§ ABOUT THIS TASK
When you reach the line holding "Nowa Lampa Plafon" in the material below, return that line and each one after it, word for word, with the pictures dropped.

§ SOURCE DATA
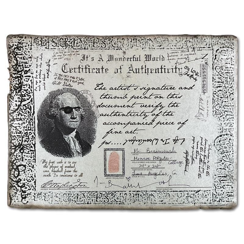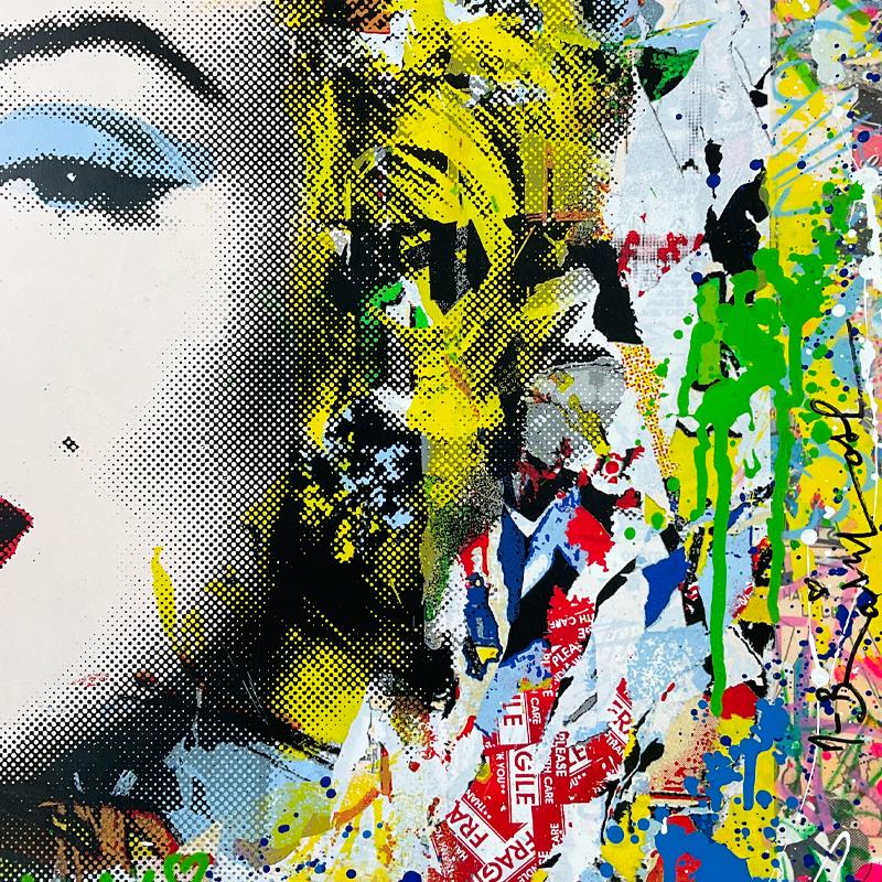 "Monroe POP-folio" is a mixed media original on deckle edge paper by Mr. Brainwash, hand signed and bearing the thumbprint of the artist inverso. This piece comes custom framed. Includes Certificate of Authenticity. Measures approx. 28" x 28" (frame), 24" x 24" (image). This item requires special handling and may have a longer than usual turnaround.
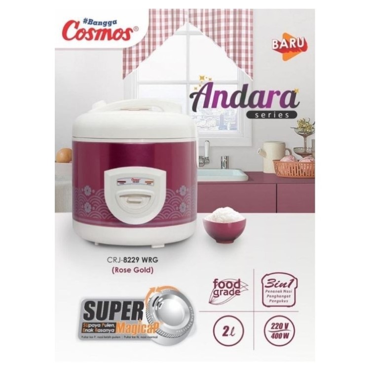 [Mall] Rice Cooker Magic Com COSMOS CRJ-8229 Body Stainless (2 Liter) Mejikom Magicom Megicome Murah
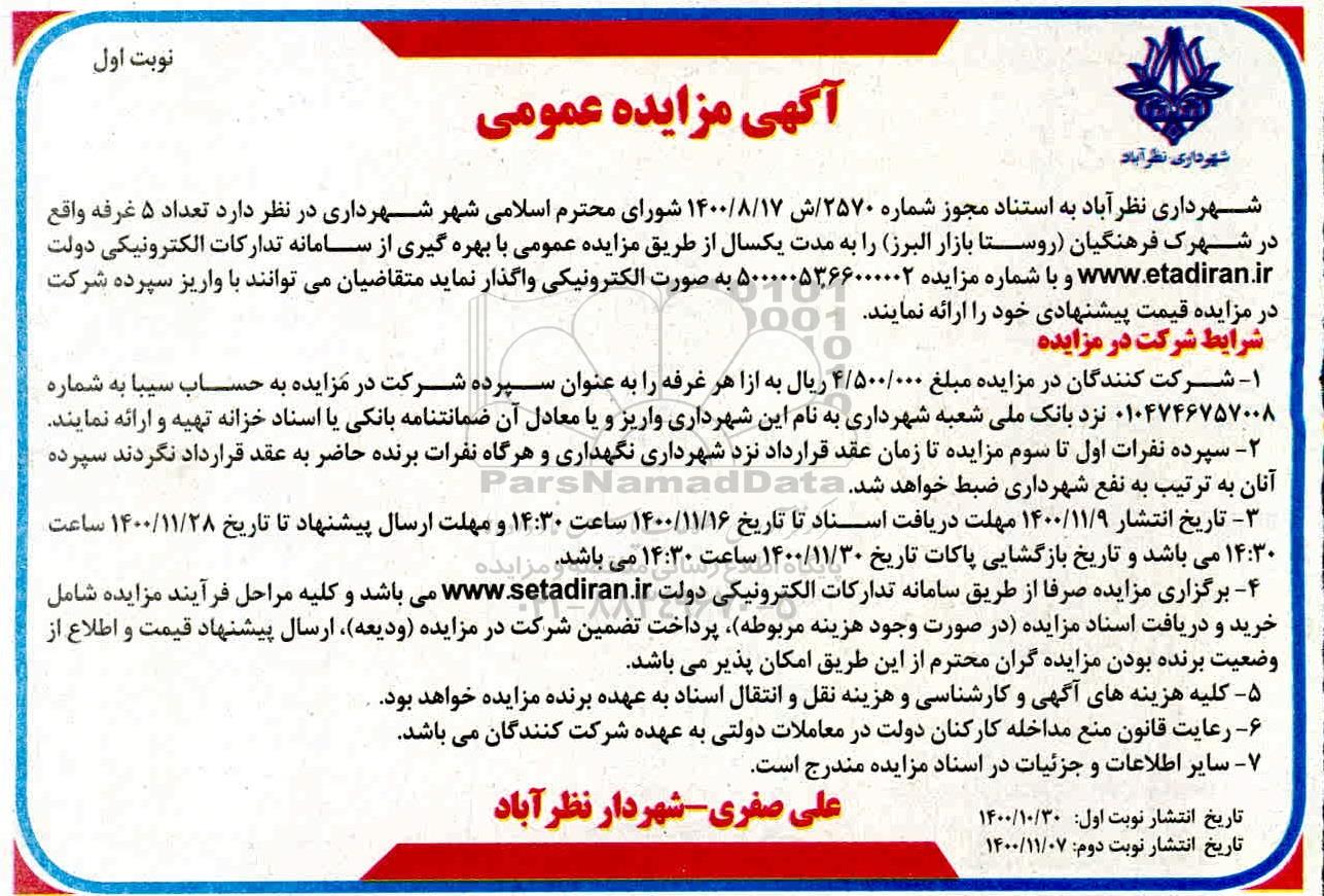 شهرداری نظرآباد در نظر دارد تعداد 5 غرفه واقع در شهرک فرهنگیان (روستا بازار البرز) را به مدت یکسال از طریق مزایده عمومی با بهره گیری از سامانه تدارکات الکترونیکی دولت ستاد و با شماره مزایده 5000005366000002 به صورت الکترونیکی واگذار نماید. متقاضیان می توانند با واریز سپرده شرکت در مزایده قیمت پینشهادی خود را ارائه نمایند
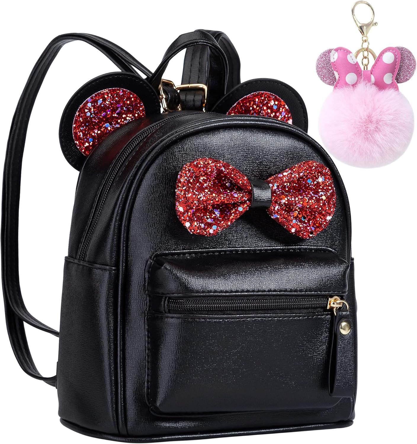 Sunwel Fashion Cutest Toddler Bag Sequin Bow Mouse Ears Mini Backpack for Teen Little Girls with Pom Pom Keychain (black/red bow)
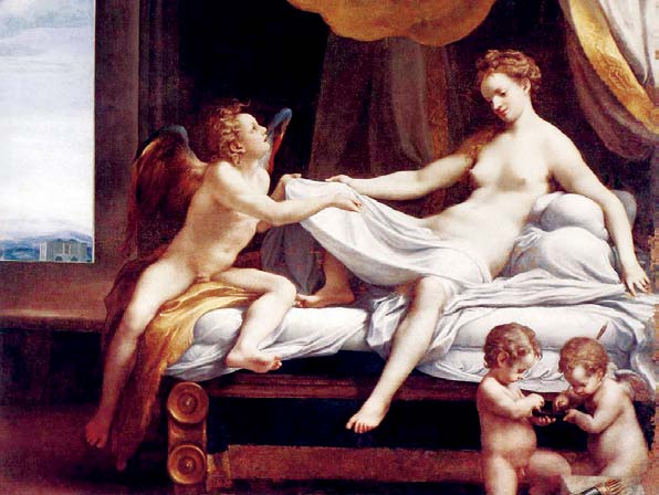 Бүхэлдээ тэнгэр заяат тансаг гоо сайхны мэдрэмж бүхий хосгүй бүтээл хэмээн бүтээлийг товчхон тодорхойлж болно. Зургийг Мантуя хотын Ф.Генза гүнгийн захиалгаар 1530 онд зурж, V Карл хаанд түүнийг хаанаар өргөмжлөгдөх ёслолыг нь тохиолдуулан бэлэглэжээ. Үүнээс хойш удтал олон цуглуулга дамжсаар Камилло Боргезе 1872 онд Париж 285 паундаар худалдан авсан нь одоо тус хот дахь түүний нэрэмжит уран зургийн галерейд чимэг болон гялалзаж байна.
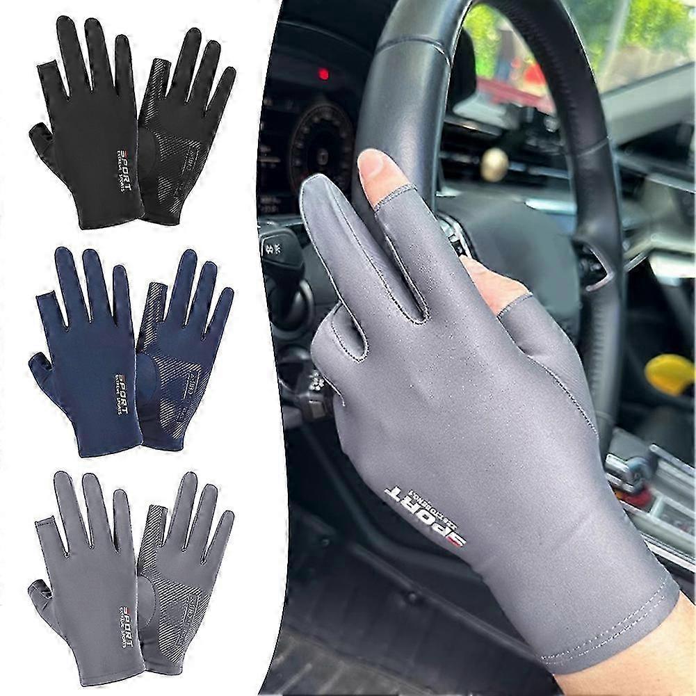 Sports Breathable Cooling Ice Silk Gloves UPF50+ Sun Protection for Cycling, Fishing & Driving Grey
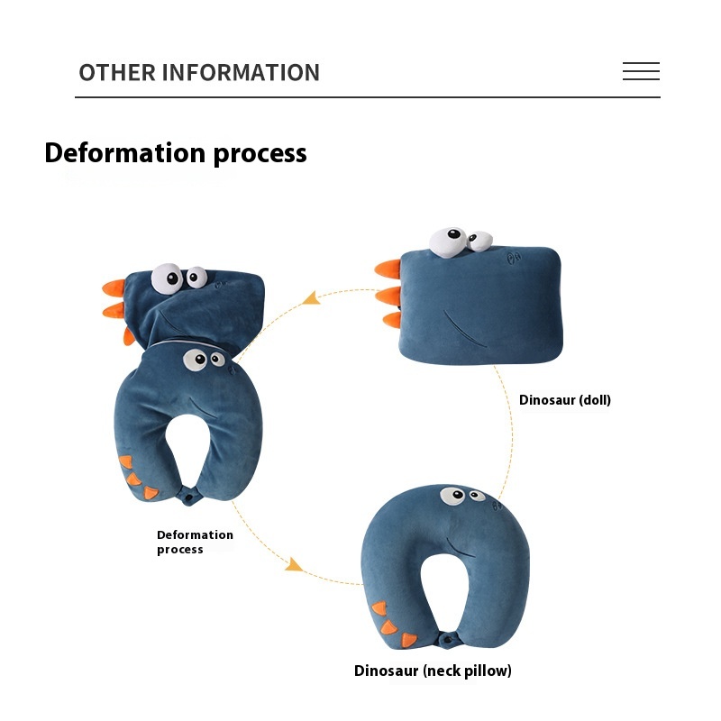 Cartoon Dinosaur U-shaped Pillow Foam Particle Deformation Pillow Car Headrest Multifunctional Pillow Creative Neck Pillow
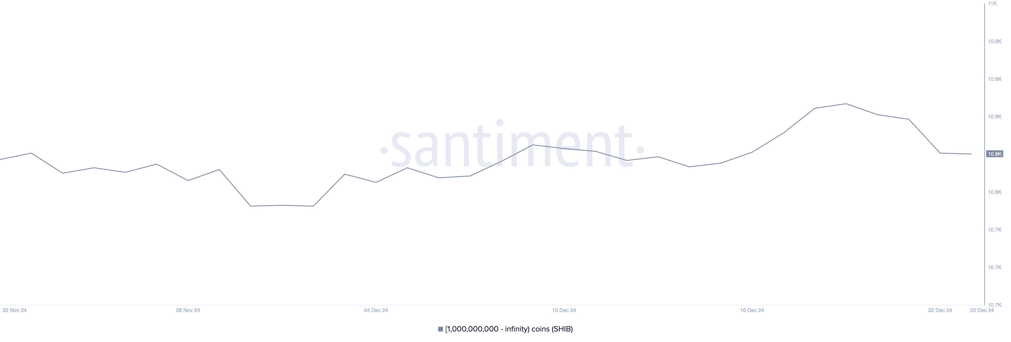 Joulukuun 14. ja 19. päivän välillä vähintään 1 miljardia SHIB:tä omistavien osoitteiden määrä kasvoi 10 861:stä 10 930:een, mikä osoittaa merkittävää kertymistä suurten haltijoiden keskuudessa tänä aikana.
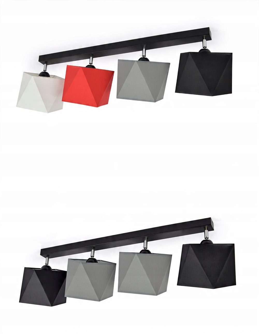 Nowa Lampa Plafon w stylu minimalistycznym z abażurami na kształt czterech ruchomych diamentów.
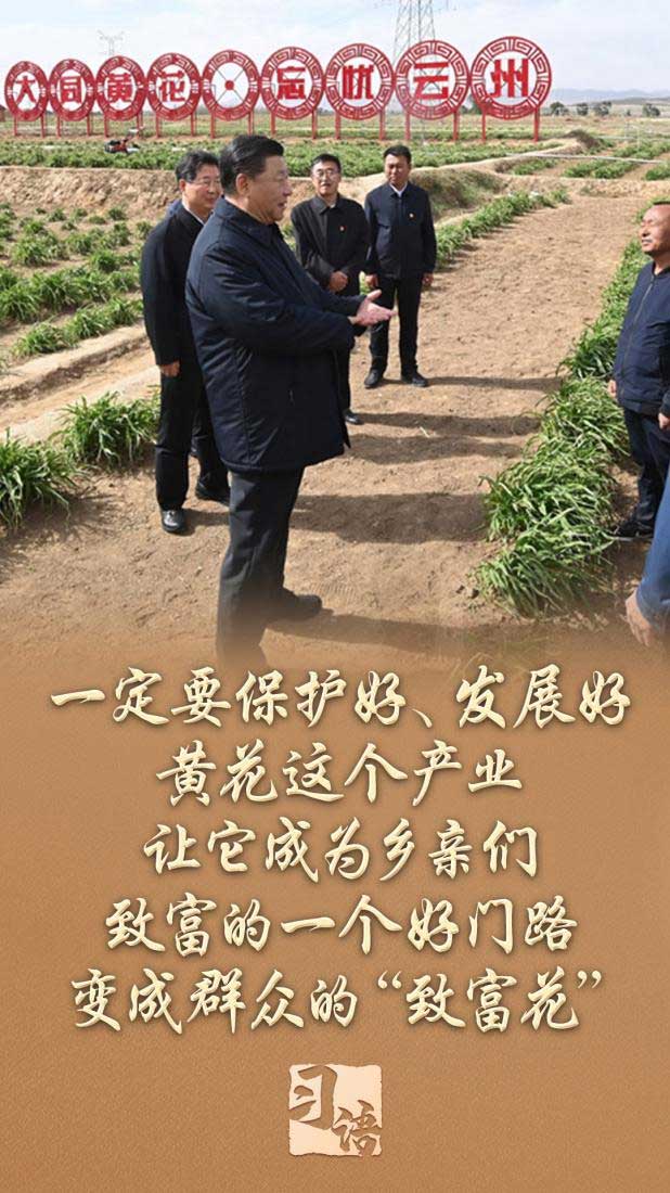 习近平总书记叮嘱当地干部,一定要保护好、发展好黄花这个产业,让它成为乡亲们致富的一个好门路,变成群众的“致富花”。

§ YOUR SOLUTION
 Nowa Lampa Plafon w stylu minimalistycznym z abażurami na kształt czterech ruchomych diamentów.
 习近平总书记叮嘱当地干部,一定要保护好、发展好黄花这个产业,让它成为乡亲们致富的一个好门路,变成群众的“致富花”。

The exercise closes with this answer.